:: TASK GOAL ::
Only the lines below from the one with "54 - FOGÃO 4 BOCAS MARCA CONSUL" through the one with "A construção da" are to be written out, exactly and without any images.

:: DATA PROVIDED ::
- - -
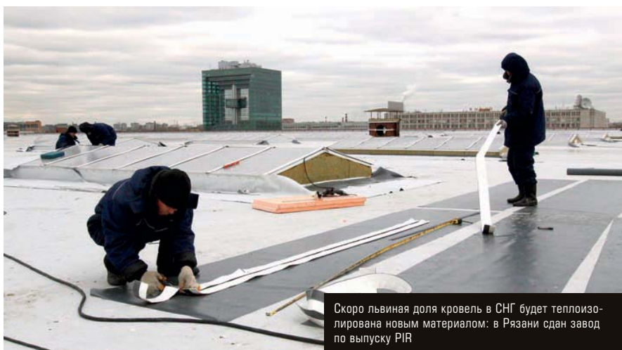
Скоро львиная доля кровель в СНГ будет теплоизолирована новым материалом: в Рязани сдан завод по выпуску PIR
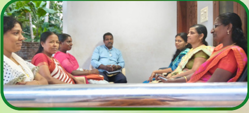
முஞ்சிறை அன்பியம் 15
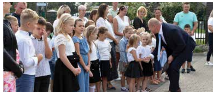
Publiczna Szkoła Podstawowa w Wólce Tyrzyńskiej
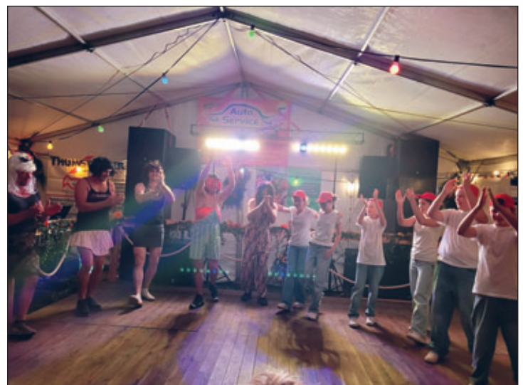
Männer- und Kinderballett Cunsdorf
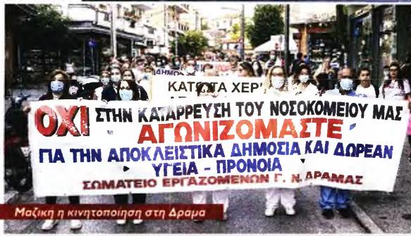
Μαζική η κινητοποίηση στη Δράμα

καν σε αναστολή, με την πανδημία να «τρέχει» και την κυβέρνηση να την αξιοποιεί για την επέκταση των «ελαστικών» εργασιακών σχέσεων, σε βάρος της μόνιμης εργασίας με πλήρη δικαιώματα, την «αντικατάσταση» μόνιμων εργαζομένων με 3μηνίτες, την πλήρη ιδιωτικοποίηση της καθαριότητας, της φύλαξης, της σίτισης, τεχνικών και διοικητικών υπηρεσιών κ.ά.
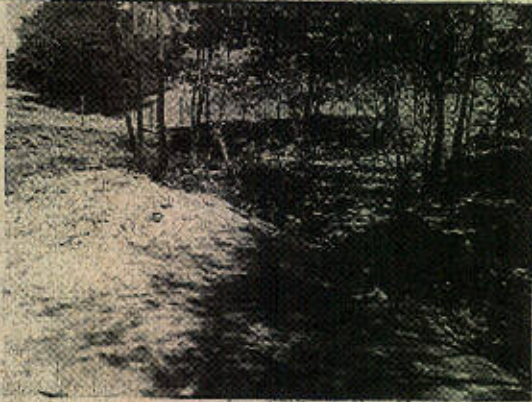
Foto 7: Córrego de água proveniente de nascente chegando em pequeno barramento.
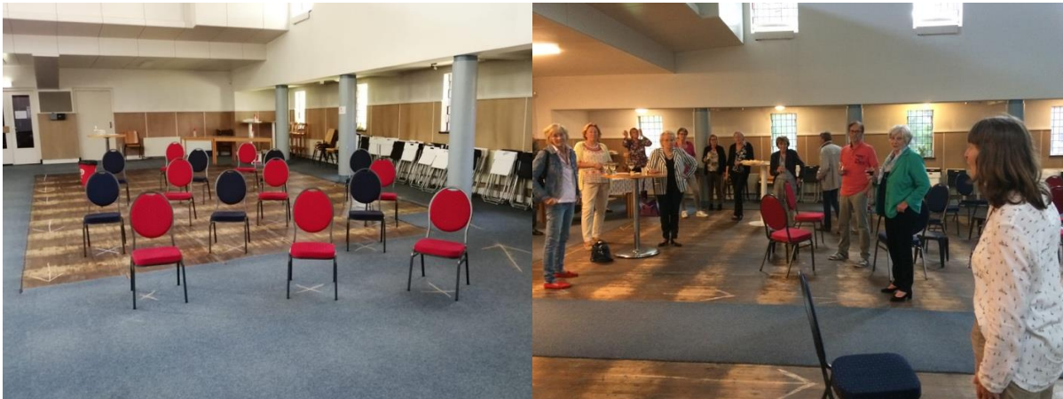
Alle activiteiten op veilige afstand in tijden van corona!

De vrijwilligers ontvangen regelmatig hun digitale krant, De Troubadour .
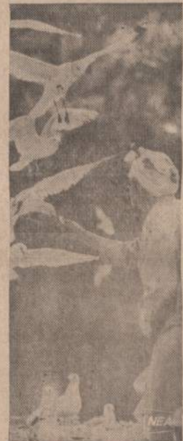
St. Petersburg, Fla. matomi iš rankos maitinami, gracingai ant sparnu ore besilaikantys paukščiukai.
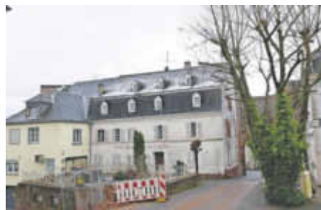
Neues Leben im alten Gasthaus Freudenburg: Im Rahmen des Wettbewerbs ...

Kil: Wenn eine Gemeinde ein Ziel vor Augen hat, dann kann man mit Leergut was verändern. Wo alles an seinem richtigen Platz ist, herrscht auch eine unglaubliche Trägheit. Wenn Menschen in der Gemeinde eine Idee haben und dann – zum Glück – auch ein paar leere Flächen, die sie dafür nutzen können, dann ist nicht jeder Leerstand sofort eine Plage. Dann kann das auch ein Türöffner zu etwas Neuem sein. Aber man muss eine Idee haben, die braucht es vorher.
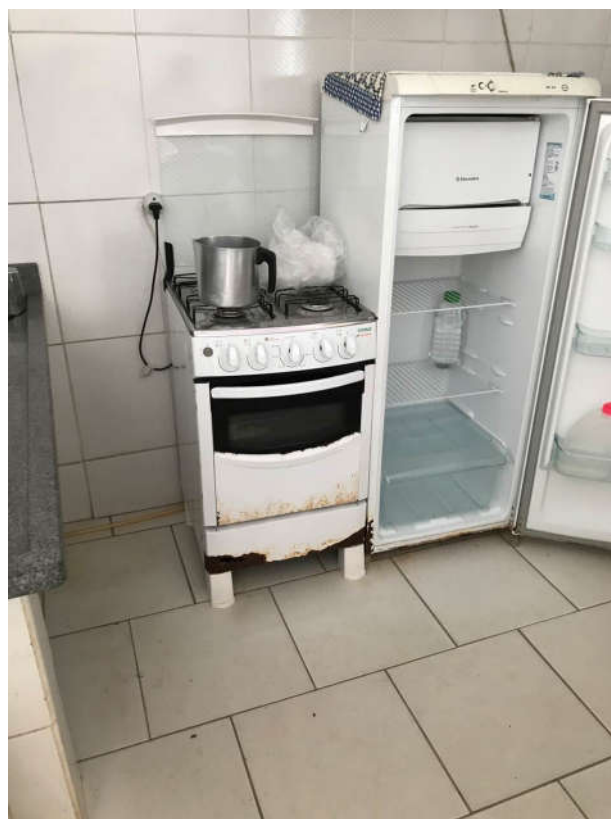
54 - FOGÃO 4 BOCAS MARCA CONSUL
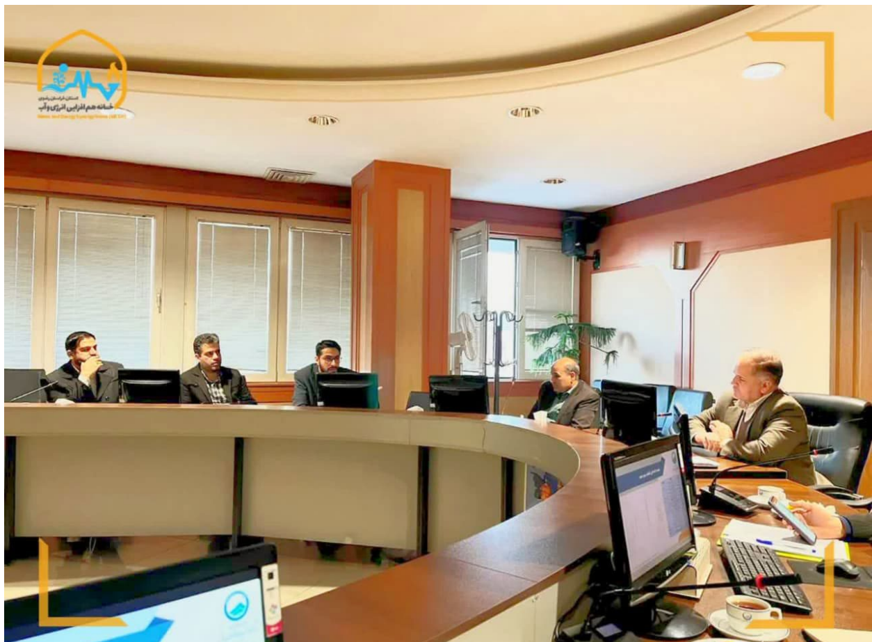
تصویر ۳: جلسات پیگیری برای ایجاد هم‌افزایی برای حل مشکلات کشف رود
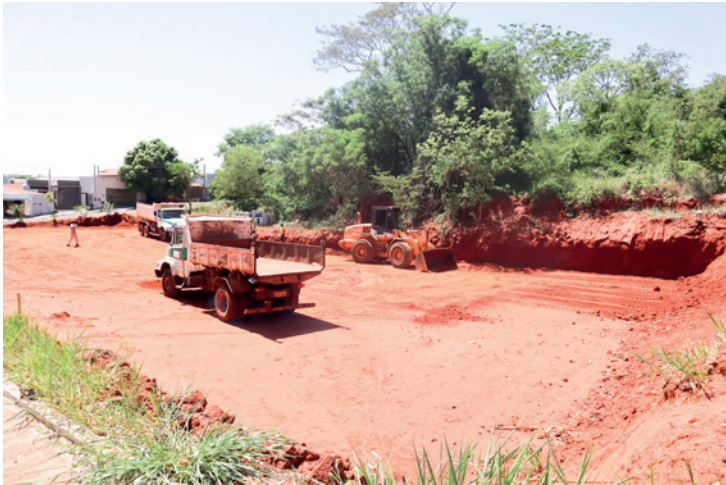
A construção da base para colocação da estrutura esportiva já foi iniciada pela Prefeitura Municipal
- - -
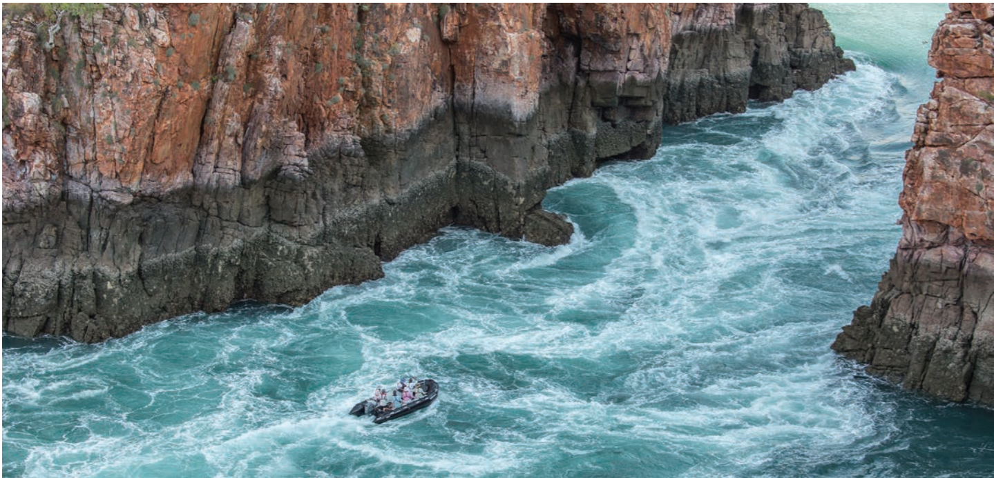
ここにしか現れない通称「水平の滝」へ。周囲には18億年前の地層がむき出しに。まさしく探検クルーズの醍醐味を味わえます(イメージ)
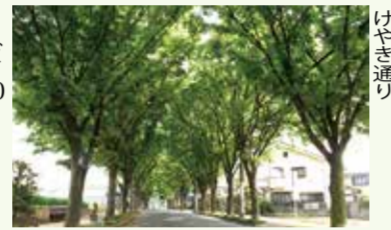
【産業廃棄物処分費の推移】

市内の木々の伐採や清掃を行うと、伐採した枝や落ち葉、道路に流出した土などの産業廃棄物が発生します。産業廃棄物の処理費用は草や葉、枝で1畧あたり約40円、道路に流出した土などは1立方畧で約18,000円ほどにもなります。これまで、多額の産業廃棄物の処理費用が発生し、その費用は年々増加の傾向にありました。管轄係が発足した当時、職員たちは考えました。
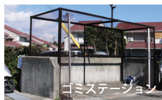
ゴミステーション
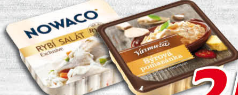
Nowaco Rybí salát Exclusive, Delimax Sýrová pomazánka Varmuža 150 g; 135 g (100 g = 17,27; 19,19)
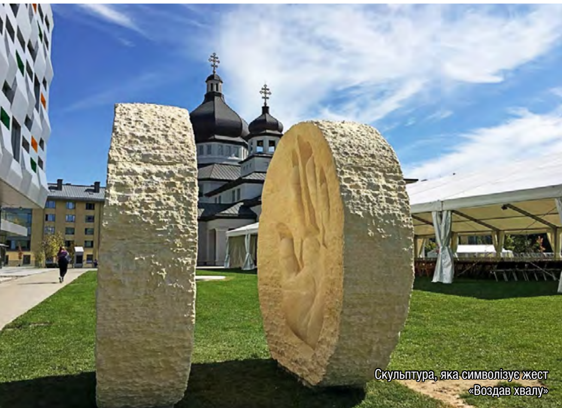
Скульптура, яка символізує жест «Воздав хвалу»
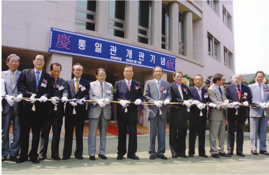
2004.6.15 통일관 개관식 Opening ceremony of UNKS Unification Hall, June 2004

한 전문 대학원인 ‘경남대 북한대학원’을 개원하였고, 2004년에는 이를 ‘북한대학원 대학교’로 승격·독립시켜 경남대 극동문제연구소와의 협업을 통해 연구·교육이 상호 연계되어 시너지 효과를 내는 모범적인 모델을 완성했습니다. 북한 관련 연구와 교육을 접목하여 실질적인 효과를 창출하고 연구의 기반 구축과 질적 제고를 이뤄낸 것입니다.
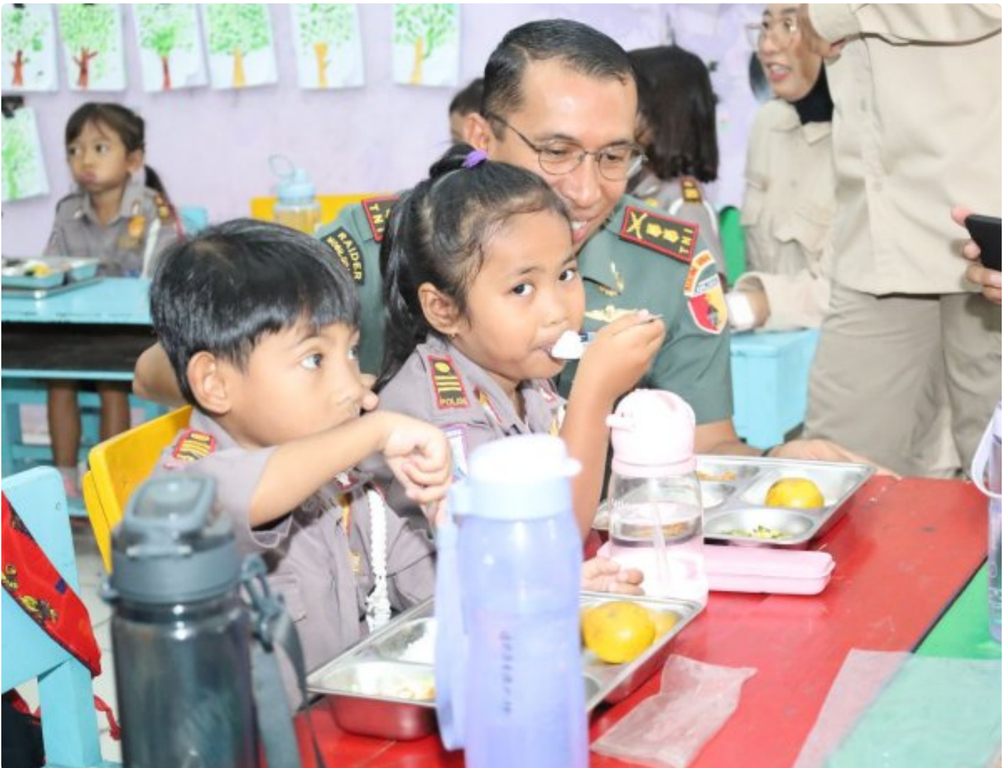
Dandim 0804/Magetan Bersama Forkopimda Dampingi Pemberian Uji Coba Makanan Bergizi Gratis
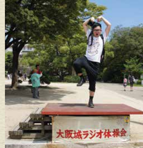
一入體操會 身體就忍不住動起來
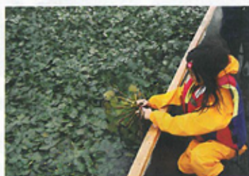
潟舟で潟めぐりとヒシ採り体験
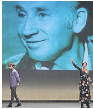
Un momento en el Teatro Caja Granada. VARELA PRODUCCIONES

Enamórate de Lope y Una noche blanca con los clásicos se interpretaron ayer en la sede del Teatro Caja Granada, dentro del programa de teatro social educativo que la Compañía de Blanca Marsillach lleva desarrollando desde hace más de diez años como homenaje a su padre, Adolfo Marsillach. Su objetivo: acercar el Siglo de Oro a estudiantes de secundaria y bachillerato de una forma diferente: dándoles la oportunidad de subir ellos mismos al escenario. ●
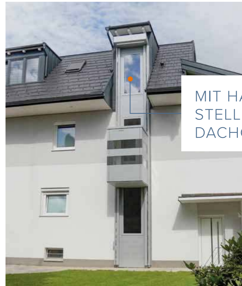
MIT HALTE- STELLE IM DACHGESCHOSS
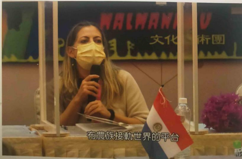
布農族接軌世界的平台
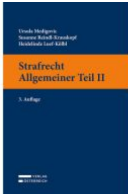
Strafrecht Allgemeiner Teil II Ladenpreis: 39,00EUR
- - -
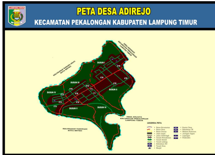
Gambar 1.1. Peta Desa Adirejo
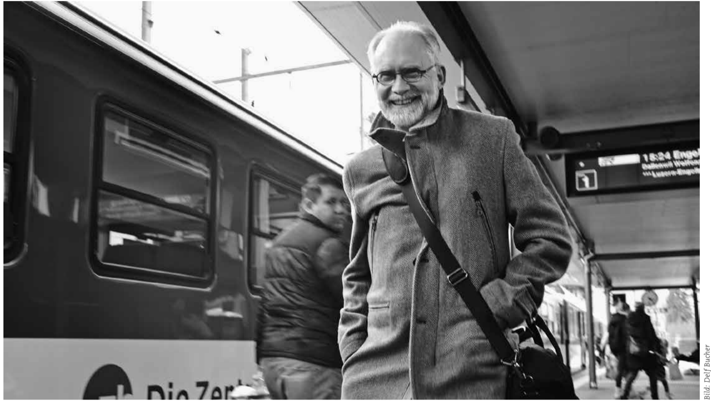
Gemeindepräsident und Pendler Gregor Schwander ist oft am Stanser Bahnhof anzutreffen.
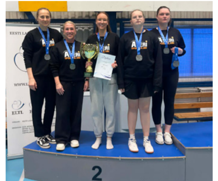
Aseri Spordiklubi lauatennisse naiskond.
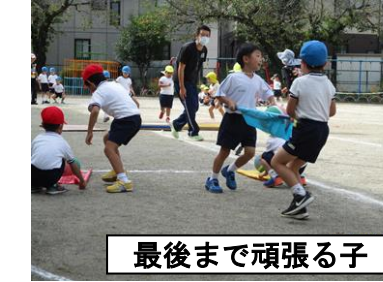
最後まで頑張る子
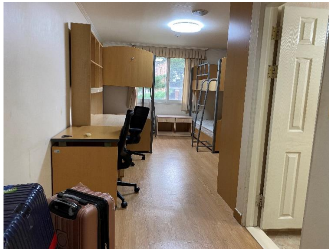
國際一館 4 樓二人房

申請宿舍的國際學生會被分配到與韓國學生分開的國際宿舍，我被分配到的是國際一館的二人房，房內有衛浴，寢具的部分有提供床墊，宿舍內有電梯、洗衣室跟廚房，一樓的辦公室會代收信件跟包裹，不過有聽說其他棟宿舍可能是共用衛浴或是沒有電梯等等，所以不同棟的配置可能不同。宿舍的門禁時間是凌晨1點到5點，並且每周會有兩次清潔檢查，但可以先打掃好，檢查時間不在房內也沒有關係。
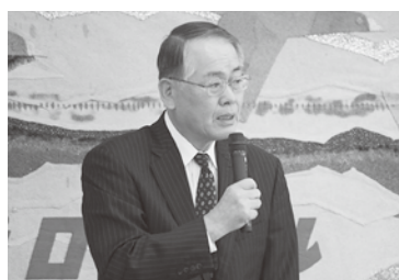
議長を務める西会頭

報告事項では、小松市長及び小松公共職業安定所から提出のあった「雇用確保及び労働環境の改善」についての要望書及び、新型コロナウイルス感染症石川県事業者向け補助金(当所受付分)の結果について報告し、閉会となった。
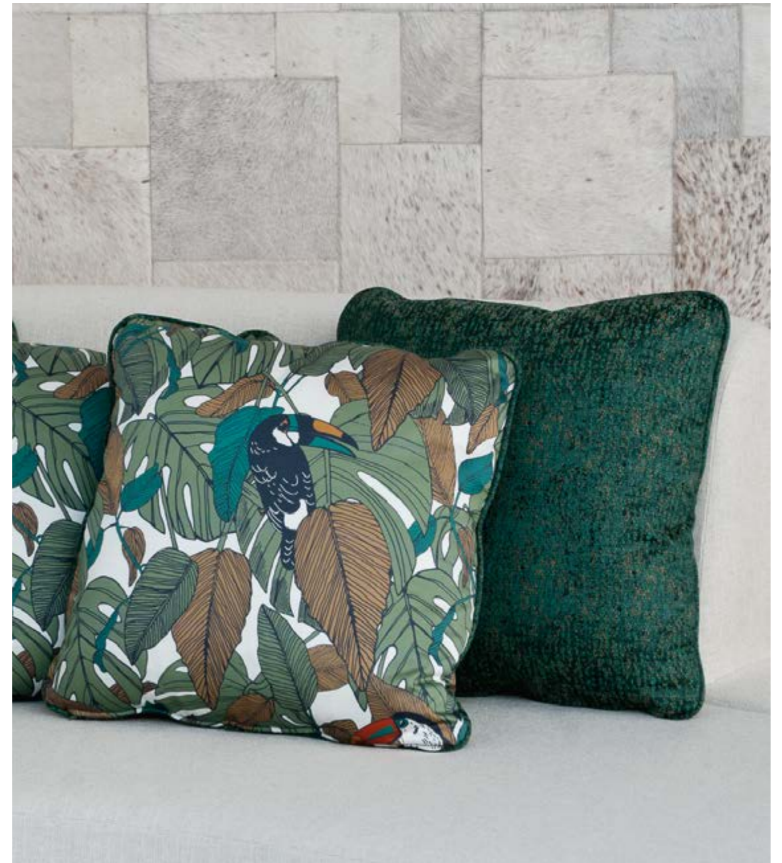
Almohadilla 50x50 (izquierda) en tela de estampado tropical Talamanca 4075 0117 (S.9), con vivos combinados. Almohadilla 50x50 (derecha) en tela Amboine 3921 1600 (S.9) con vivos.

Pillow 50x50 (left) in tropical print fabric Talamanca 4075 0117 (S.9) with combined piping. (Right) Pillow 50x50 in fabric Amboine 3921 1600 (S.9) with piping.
- - -
:: EXPECTED OUTPUT ::
54 - FOGÃO 4 BOCAS MARCA CONSUL
تصویر ۳: جلسات پیگیری برای ایجاد هم‌افزایی برای حل مشکلات کشف رود
A construção da base para colocação da estrutura esportiva já foi iniciada pela Prefeitura Municipal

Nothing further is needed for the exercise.